*** RECORDS SHOWN Section Begins ***

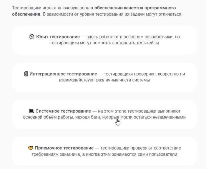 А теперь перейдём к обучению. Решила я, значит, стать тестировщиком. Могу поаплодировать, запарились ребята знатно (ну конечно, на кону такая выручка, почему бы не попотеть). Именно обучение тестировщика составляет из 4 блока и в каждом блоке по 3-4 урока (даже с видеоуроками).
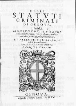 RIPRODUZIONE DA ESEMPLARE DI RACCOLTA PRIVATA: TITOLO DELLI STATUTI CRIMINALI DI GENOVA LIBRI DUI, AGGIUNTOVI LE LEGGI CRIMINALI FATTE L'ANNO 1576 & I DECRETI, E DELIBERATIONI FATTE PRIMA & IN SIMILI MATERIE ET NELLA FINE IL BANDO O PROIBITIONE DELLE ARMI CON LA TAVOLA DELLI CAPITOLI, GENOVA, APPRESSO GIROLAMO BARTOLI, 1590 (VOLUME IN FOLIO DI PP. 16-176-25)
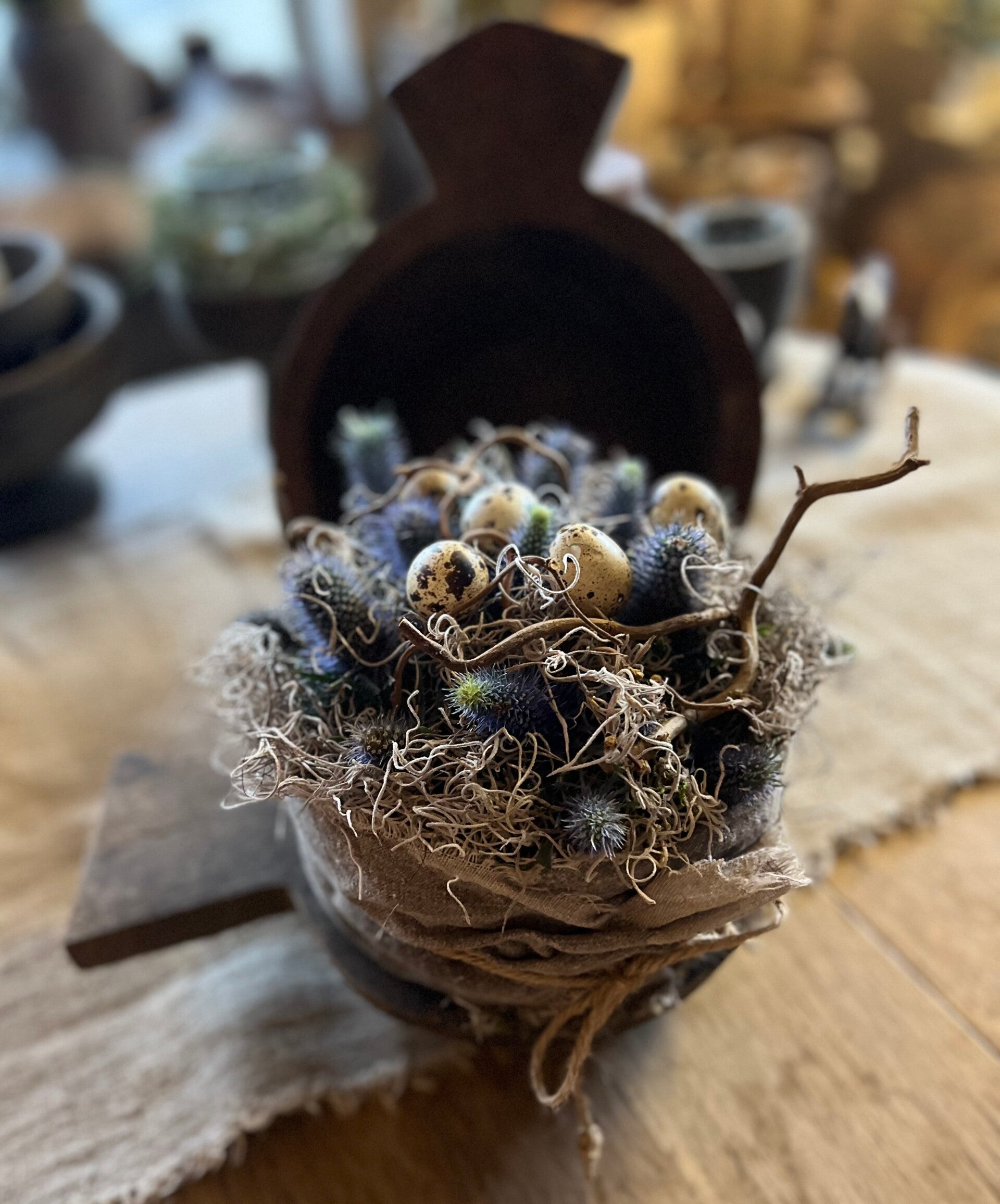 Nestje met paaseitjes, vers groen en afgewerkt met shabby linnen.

*** RECORDS SHOWN Section Ends ***
*** RECORDS SHOWN Section Begins ***

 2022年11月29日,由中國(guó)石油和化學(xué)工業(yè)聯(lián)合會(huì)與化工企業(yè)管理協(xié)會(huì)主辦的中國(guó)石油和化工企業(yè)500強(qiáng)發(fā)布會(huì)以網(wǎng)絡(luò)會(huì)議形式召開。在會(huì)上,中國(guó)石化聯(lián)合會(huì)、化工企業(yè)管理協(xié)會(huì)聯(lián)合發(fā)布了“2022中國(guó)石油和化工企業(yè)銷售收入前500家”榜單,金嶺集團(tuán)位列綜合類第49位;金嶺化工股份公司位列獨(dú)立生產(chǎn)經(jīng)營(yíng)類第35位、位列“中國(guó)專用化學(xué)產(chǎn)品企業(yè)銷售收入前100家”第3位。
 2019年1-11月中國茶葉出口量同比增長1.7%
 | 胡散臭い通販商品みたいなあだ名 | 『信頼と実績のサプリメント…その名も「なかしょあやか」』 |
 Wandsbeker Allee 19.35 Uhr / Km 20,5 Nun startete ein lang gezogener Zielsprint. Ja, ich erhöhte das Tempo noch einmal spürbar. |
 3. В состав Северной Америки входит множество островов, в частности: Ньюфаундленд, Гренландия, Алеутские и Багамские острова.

*** RECORDS SHOWN Section Ends ***

Output exactly the lines of the listing above that start with the one holding "А теперь перейдём" and go on through the one holding "Nestje met paaseitjes, vers"; leave the pictures out.

 А теперь перейдём к обучению. Решила я, значит, стать тестировщиком. Могу поаплодировать, запарились ребята знатно (ну конечно, на кону такая выручка, почему бы не попотеть). Именно обучение тестировщика составляет из 4 блока и в каждом блоке по 3-4 урока (даже с видеоуроками).
 RIPRODUZIONE DA ESEMPLARE DI RACCOLTA PRIVATA: TITOLO DELLI STATUTI CRIMINALI DI GENOVA LIBRI DUI, AGGIUNTOVI LE LEGGI CRIMINALI FATTE L'ANNO 1576 & I DECRETI, E DELIBERATIONI FATTE PRIMA & IN SIMILI MATERIE ET NELLA FINE IL BANDO O PROIBITIONE DELLE ARMI CON LA TAVOLA DELLI CAPITOLI, GENOVA, APPRESSO GIROLAMO BARTOLI, 1590 (VOLUME IN FOLIO DI PP. 16-176-25)
 Nestje met paaseitjes, vers groen en afgewerkt met shabby linnen.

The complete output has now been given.